I want him to admit what he did wrong.

Sweat breaks out on my forehead, and I decide I need to up the ante.

“What’s it got in its pocketses, precious?” I say, jumping onto the balls of my feet. My fingers flutter against his upper thighs.

One eyebrow raises, and instead of shoving me off, which I hoped for, his hands raise to steady me, grabbing my hips.

He pulls me close, our noses nearly touching. Well, his nose and my Darren-made nose.

My chest hurts, and my eyes go wide as I pull back from him.

“What is it?” His grip on me changes, gentling, and my stomach cramps, my heart hammering against my chest.

But not in a good way.

“Oh no,” I pant. “I can’t breathe.”

“Tell me what’s wrong,” he demands, eyes wild, pressing a hand to my forehead.

His touch hurts. I can’t bear it.

My heart hurts. It hurts like it’s cracked irreparably, sending splinters into my lungs. I am going to throw up or have a heart attack or die. I don’t want to die dressed as Gollum.

My fingers scrabble at the prosthetics on my makeup. “I can’t breathe,” I repeat.

“You’re sweating,” he tells me, eyes narrowed.

“Can’t breathe,” I hiccup. Tears squeeze out of my eyes, my anxiety escalating. “I need this off of me, I need it off.”

“Oh, shit, Abigail.” Luke leaps to his feet, hugging me tight to his chest as he literally carries me to the bathroom.

“No, no. I don’t want you to see this,” I say. I’m sweating profusely now. “I don’t want to throw up.”

“Love, you can’t help it. If it’s gonna happen, just let it happen.”

I groan, tucking my knees in tight to my chest, like that’s a good idea.

It is not, in fact, a good idea. It doesn’t help at all.

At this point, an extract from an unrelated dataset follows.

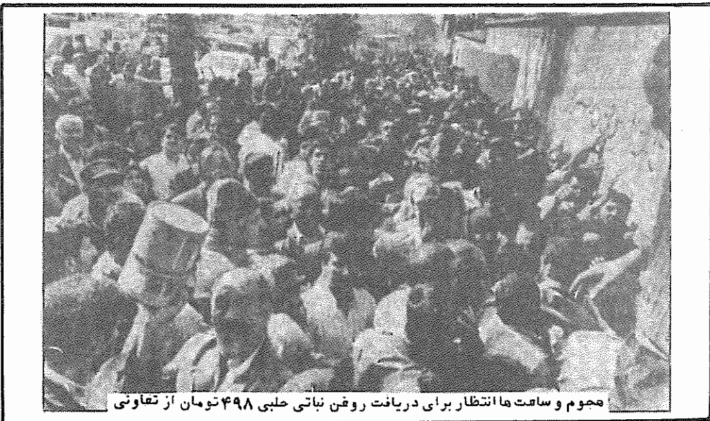
مجموع و ساعت ها انتظار برای دریافت روغن نباتی حلبی ۴۹۸ تومان از تعاونی

چون منتظری و نخست وزیر هر یک به نوهی مفضوب شده اند، طرفداران آنها در پائین به هم احساس نزدیکی می کنند. بطور نمونه می توان موضع گیری دفتر تحکیم وحدت در مورد منتظری و یا مورد اعتراضات دانشجویی در دانشگاه تبریز را ذکر کرد. در دانشگاه تبریز طرفداران منتظری و نخست وزیر یعنی تقریباً نیمی از افراد انجمن اسلامی نیز در اعتراضات دانشجویی حضور داشتند و می خواستند حرکات را مطابق میل خودشان سمت دهند که از دستشان خارج شد."

“Bathroom, bathroom, bathroom,” I chant. It’s like all the air in my body is trying to leave at once. I’m positively slick with sweat.

“I’m gonna die,” I tell him, my chest impossibly tight.

“It’s okay, I’ve got you. I’ve got you, Abigail.” His head whips around. “Where do you want to be? In front of the toilet or—”

“I don’t know, I don’t know what I want. Take the mask off, please, take it off,” I chant, hardly holding onto consciousness. “Can’t breathe.”

A cool washcloth lands against the back of my neck, and I whimper as another wave of pain pummels me.

“What else can I do?” Luke’s voice is gentle and worried. “I think you’re having a panic attack.”

“I don’t have panic attacks,” I tell him, sobbing, peeling back the makeup as best I can. The nose piece is the worst, and I tug at it, Luke also helping pull the prosthesis from my ears and neck. “I am so stupid, I’m sorry.”

“You are not stupid, and don’t you dare apologize.” He sounds thunderous and looks terrified all at once.

He’s right. Why am I apologizing? He’s the liar here.

I try to suck in a breath, and I can’t, I can’t do it, I can’t think straight. My chest hurts. I clutch at it, still sweating so much. How is it possible to sweat this much?